_SUPPLIED MATERIAL_
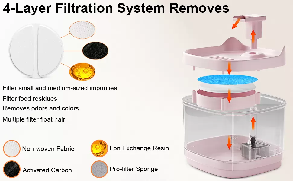 Frescura en cada sorbo: cada gota de agua se filtra a través de un sistema de filtración: el filtro adopta una filtración de cuatro pisos, incluyendo carbón activado, capa de algodón de alta densidad y filtro de esponja. Filtración efectiva de partículas de pelo de mascotas, suciedad e impurezas. Proporciona agua fresca y limpia para los gatos, evita que se enfermen.
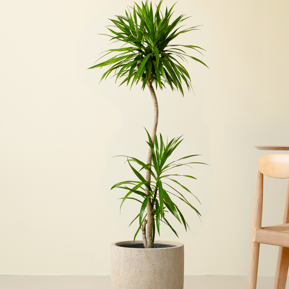 ドラセナナビーは緑の細長い葉が涼しげな観葉植物です。乾燥にも強く、非常に育てやすいので、初心者の方におすすめです。日光量が少ないと、幹が細り垂れる傾向にあるので、日当たりのいい場所に置いて管理してあげると綺麗に育ってくれます。
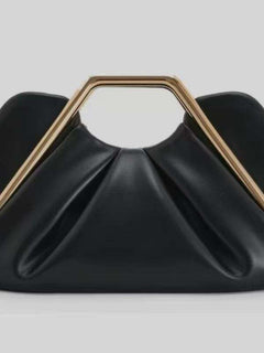 This stylish handbag features a unique twisted design with a sophisticated gold geometric handle. Crafted from high-quality faux leather, it offers a sleek and modern look perfect for both casual and formal occasions

_TASK REQUIREMENTS_
The response must match the data line for line, from its first line through the line with "ドラセナナビーは緑の細長い葉", inclusive, and must leave out the pictures.

_ANSWER SECTION_
 Frescura en cada sorbo: cada gota de agua se filtra a través de un sistema de filtración: el filtro adopta una filtración de cuatro pisos, incluyendo carbón activado, capa de algodón de alta densidad y filtro de esponja. Filtración efectiva de partículas de pelo de mascotas, suciedad e impurezas. Proporciona agua fresca y limpia para los gatos, evita que se enfermen.
 ドラセナナビーは緑の細長い葉が涼しげな観葉植物です。乾燥にも強く、非常に育てやすいので、初心者の方におすすめです。日光量が少ないと、幹が細り垂れる傾向にあるので、日当たりのいい場所に置いて管理してあげると綺麗に育ってくれます。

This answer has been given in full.